In its simplest form, such similarity can be measured by considering projected color variances among views, as used in early works [20] with limited robustness. In stereo and short baseline situations, simple normalized forms of 2D window correlation are sufficient to characterize similarity under simple lighting and constrast changes, using e.g., ZNCC, SSD, SHD. For broader geometric and photometric resilience, various features based on scale-invariant gradient characterizations [2, 23, 26] have been designed, some specialized for the dense matching required for the MVS problem [36]. More recently, image features have been successfully applied to moving sequences in e.g., [22, 27]. Generally, MVS methods characterize photoconsistency either with a symmetric, viewpoint agnostic, combination of all pairwise similarities [30], or with a per image depth map determination through sweeping strategies [7, 25]. Our approach employs also a sweeping strategy, which proves generally simpler and still significantly more robust to occlusion than view-agnostic methods, an issue that quite often occurs in practice with multiple moving shapes or through limb self-occlusion.

While classic MVS approaches have been generally successful, recent works aimed at learning stereo photoconsistency have underlined that additional priors and more subtle variability co-dependencies are still discoverable in real world data.
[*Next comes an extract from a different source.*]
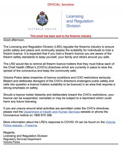 Victorian licensed firearms owners would now be aware of the recent threat by Victoria Police Licensing and Regulation Division (LRD) to ‘reprimand, suspend or cancel’ licences of registered firearm owners who ‘blatantly and deliberately breach’ the current directives of Victoria’s Chief Health Officer (CHO). SSAA Victoria considers this threat to be an overreach of powers granted to LRD.

Several works leverage this by learning how to match 2D patch pairs for short baseline stereo, letting deep networks infer what features are relevant [24, 39,40,41]. Very recent works extend this principle to wide baseline MVS, with symmetric combination of 2D learned features [14].

The common limitation of such methods with 2D receptive fields is the difficulty to correctly capture 3D correlations with hence both false positive and false negative correlations arising from the 2D projection. Consequently, a number of learned MVS methods resort to full volumetric 3D receptive fields instead, to broaden the capability to any form of data 3D correlation [5, 17, 18]. While casting correlations in 3D as well, our approach proposes several key differences: our volumetric receptive field is a back-projected image region, similar to some binocular stereo [19] or image-based rendering [11] works, where the latter only uses the grid as proxy without explicitely extracting 3D information. This enables a sweeping search strategy along viewing rays, which proves a robust search strategy as plane sweeping in stereo reconstruction. This scheme also avoids decorrelating camera resolution and 3D receptive field resolution, as with e.g., voxels, the volumetric receptive field being defined as a backprojection along pixel rays. Additionally, this volumetric receptive field learns local pairwise correlations, a lower level and easier task than learning occupancy grid patterns. Our evaluation on practical performance capture scenes, beyond traditional static datasets, validates the benefit of such a learning strategy over traditional approaches.

3 Method Overview

As for many recent multi-view stereo reconstruction methods, ours estimates per camera depth maps, followed by depth fusion, allowing therefore each camera to provide local details on the observed surface with local estimations. We take this strategy a step further by replacing the traditional photoconsistency measure used to estimate depths with a learned version. This version is based on CNNs and exploits their ability to learn local photometric configurations near surfaces observed from multiple viewpoints. As depicted in Fig. 2, our approach takes as input a set of calibrated images and outputs a 3D mesh obtained by fusing depth maps. Depths along pixel viewing rays are obtained using a volume sweeping strategy that samples multi-view photoconsistency along rays and identifies the maxima. For a point along a viewing ray, the photoconsistency is estimated using a discretized 3D volumetric patch around that point. In such a 3D patch, at each point within, color information from the primary camera ray incident to that point is paired to the color information of the incident ray of another camera. We collect these paired color volumes for every other camera than the primary. A trained CNN is used to recognize the photoconsistent configurations given pairs of color samples within the 3D patch. The key aspects of this strategy are:

  • The per camera approach, which, by construction, samples the photoconsistency at a given location as captured and thus enables more local details to be revealed compared to global approaches, as shown in Fig. 8.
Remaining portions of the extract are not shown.